**ASSIGNMENT**
All lines from the one containing "And then some" through the end of the material below are to be printed exactly, both ends included, minus pictures.

**DATA RECORDS**
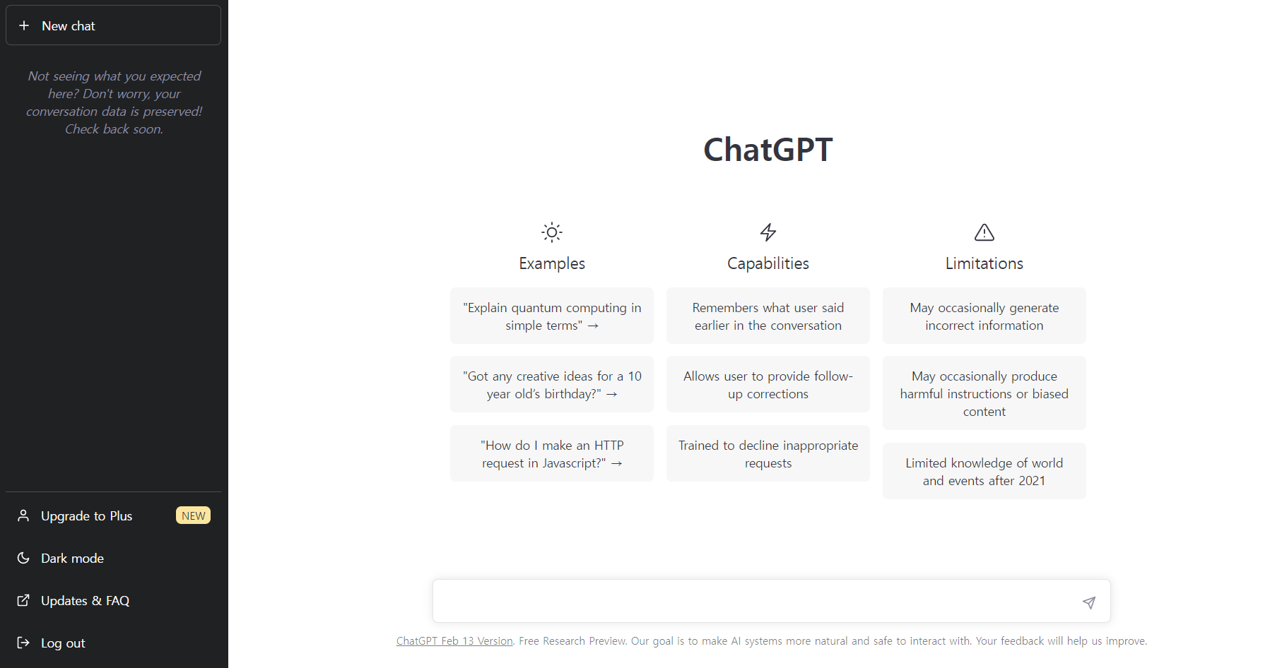 챗GPT에 가입하고 로그인하게 되면 보여지는 화면이다.
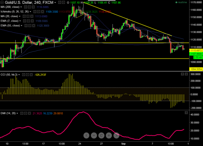 - Gold has broken major support $1115 and declined till $1101. It is currently trading at $1107. Overall trend is still bullish as long as support $1120 holds.
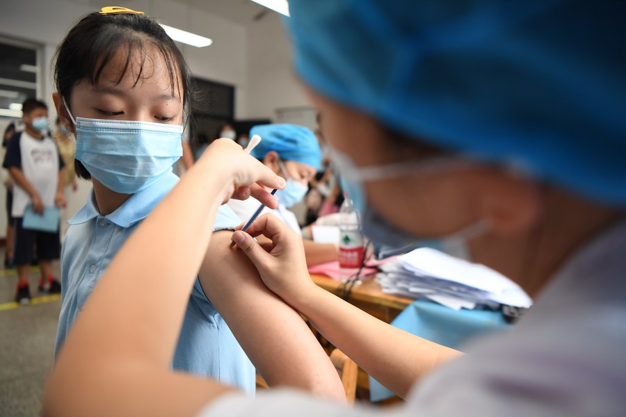 A student gets inoculated against the COVID-19 at a middle school in Changsha, capital city of central China's Hunan Province, Aug. 14, 2021. (Xinhua/Xue Yuge)
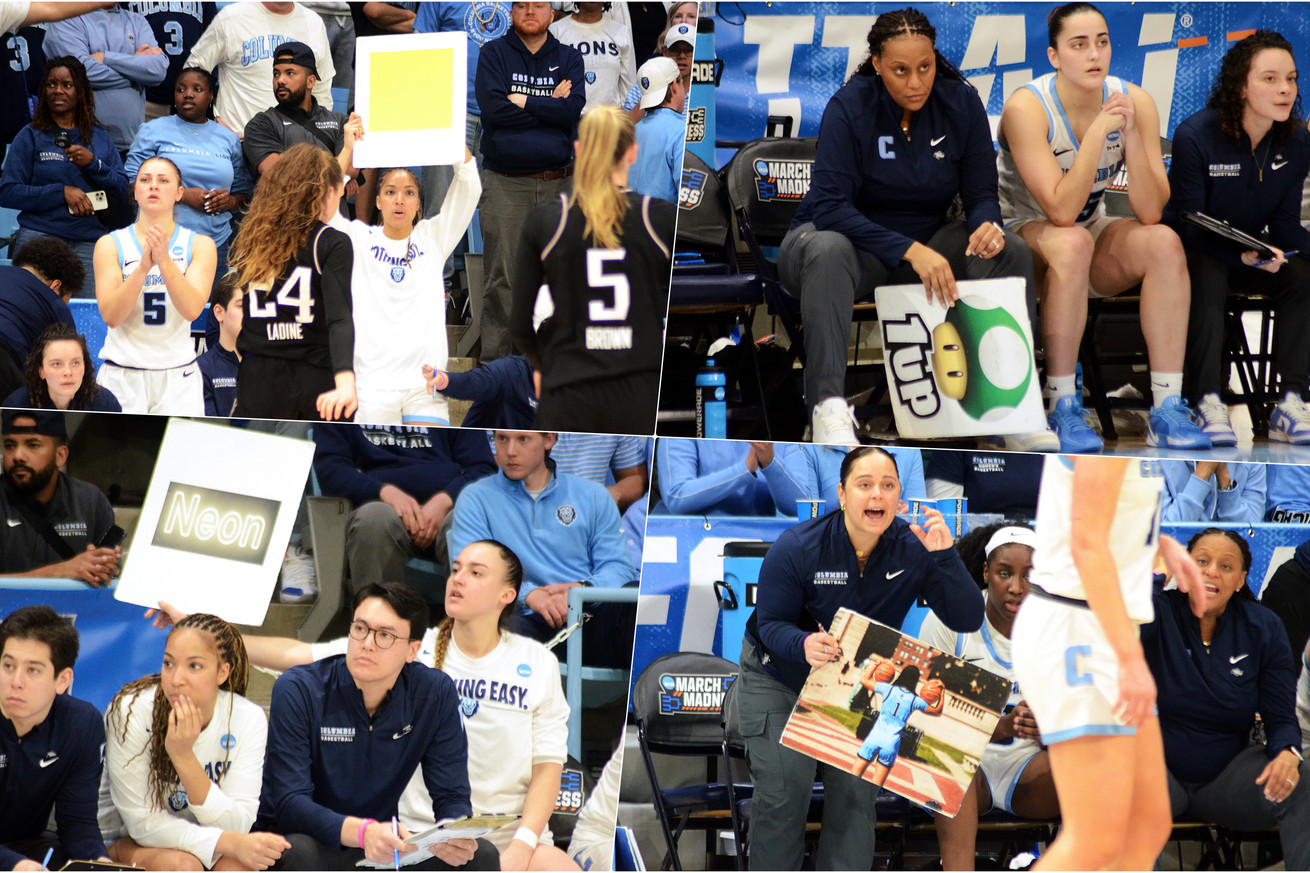 And then some folks couldn’t stop looking at Columbia’s bench, where players and coaches for the Lions took turns hoisting cardboard signs in the air, slapping them and waving them, to signal different things to the players on the floor. One had the word “NEON” written on it. Another featured a green mushroom from the Super Mario Bros. video games. And a third showed a Columbia player flexing.
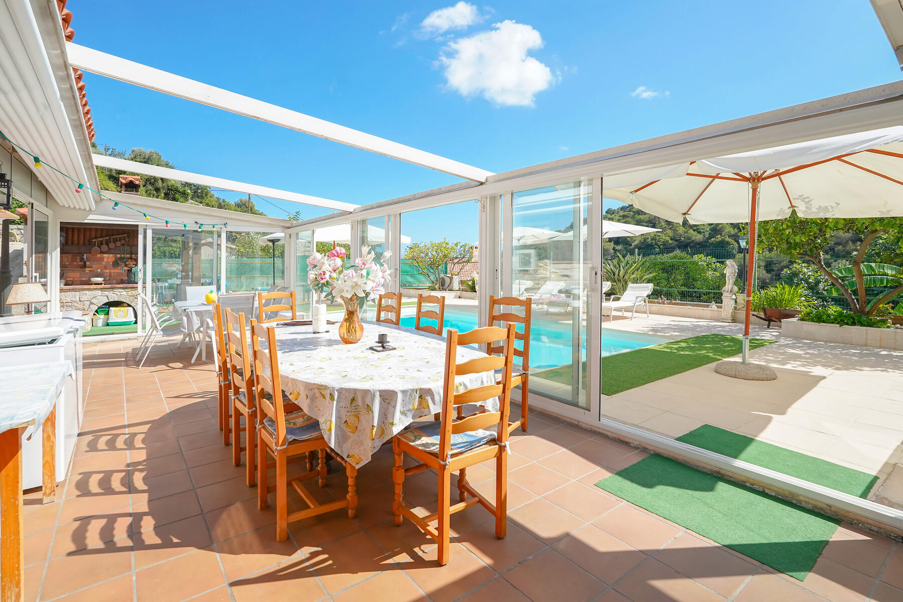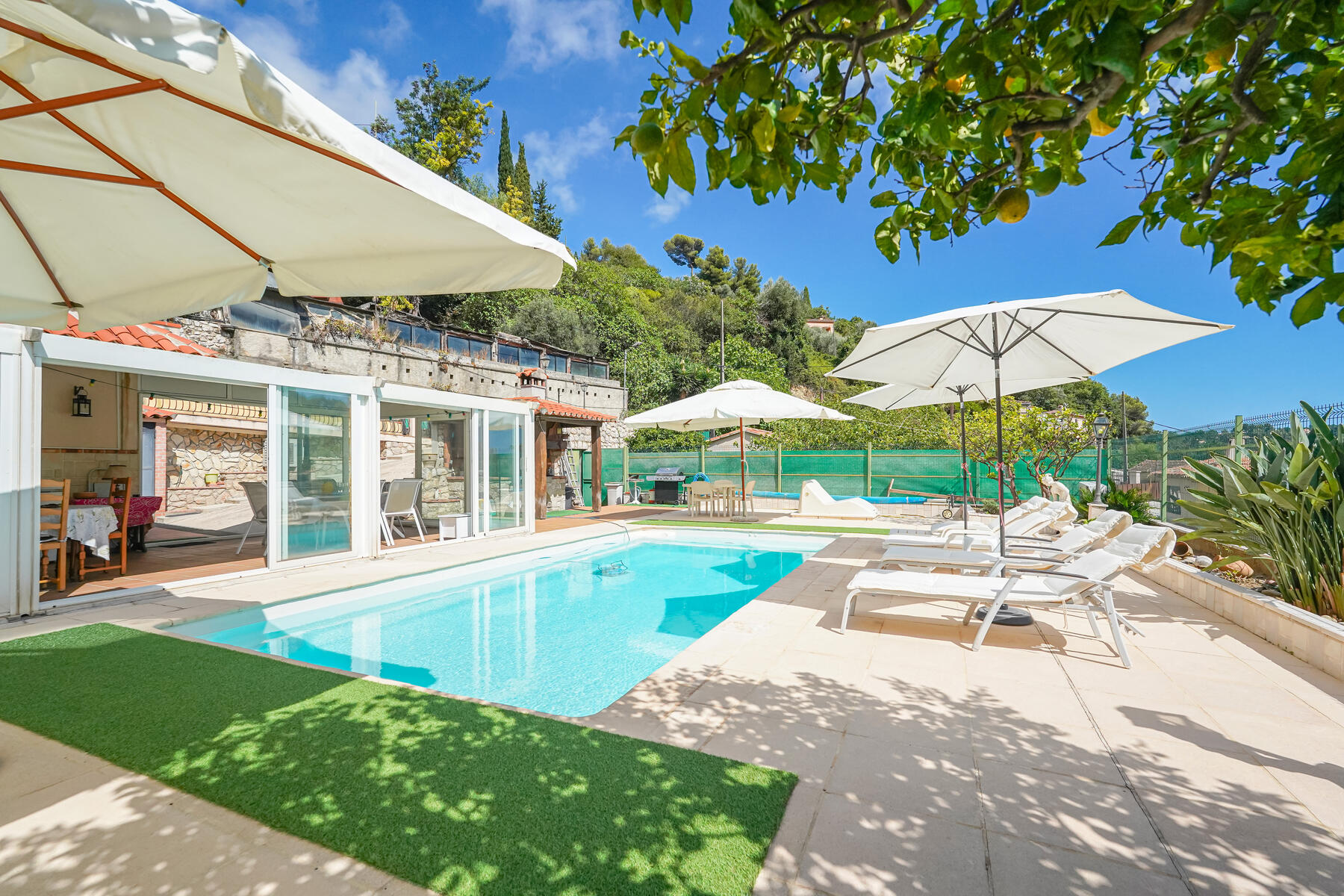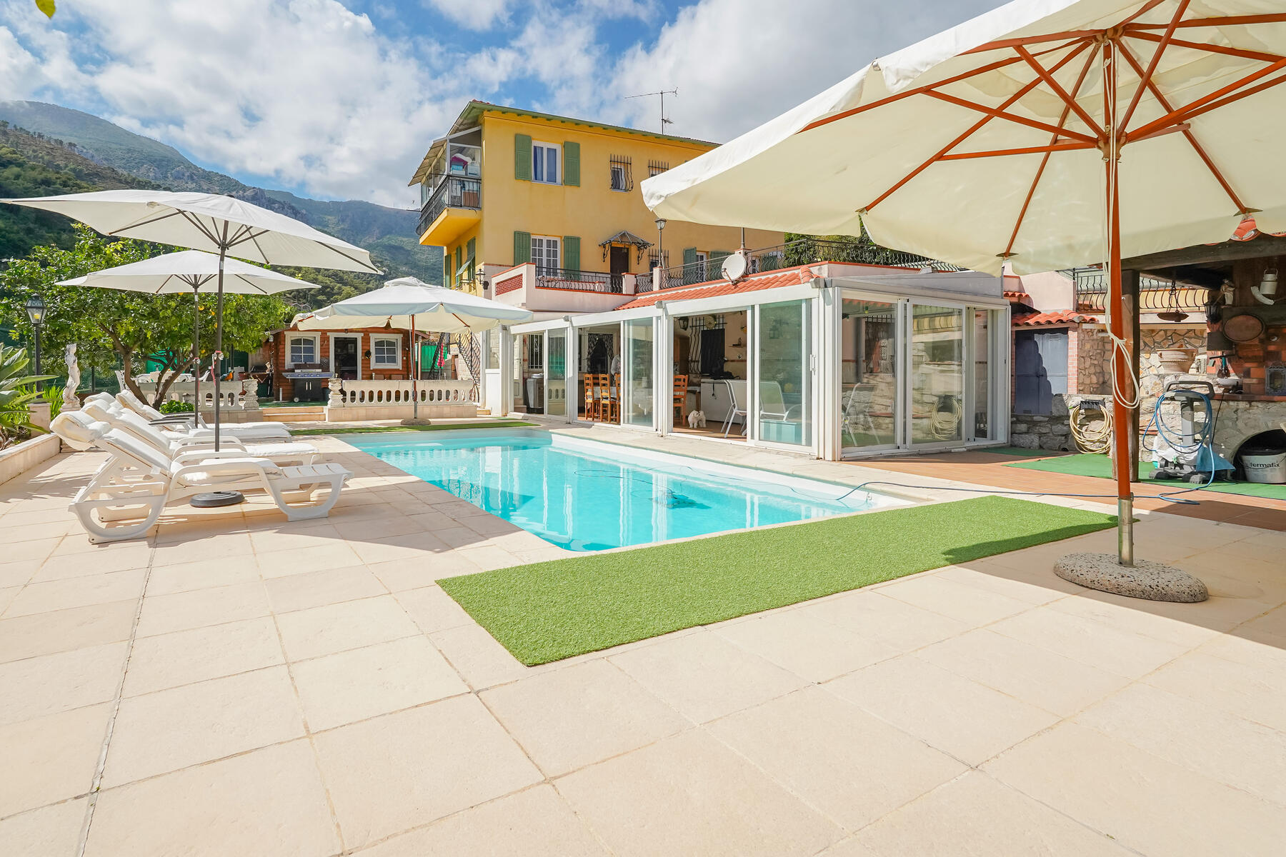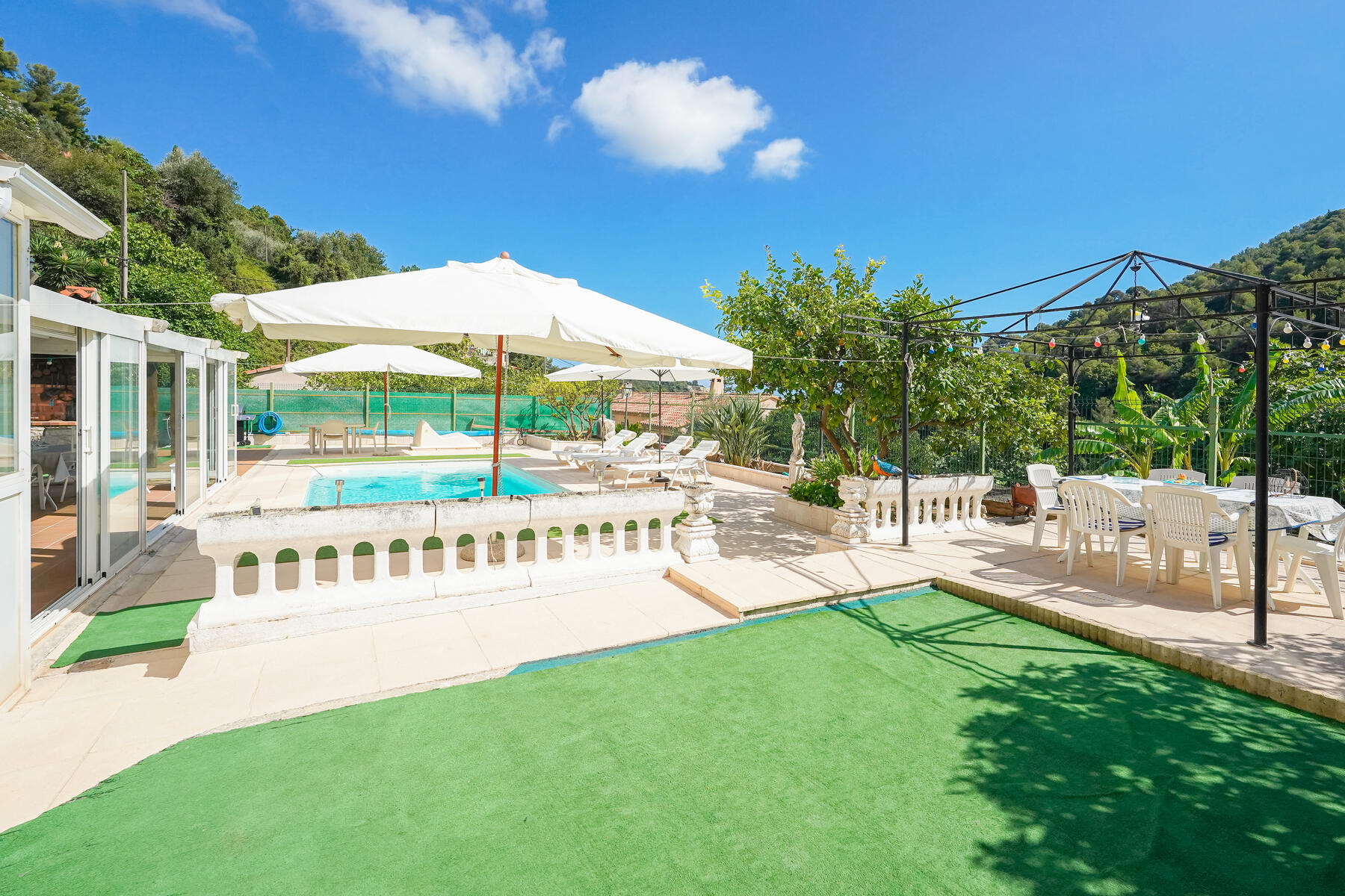 L'esterno offre un bel spazio abitativo con ampia terrazza, una piacevole piscina, una spaziosa veranda, un giardino con una casetta da giardino di 14 m² e un sistema di irrigazione alimentato con acqua di sorgente. Potrete godere di una vista aperta sulle montagne e di una vista parziale sul mare. L'esposizione a ovest garantisce una bella luminosità.

**OUTPUT FOR THIS TASK**
 And then some folks couldn’t stop looking at Columbia’s bench, where players and coaches for the Lions took turns hoisting cardboard signs in the air, slapping them and waving them, to signal different things to the players on the floor. One had the word “NEON” written on it. Another featured a green mushroom from the Super Mario Bros. video games. And a third showed a Columbia player flexing.
 L'esterno offre un bel spazio abitativo con ampia terrazza, una piacevole piscina, una spaziosa veranda, un giardino con una casetta da giardino di 14 m² e un sistema di irrigazione alimentato con acqua di sorgente. Potrete godere di una vista aperta sulle montagne e di una vista parziale sul mare. L'esposizione a ovest garantisce una bella luminosità.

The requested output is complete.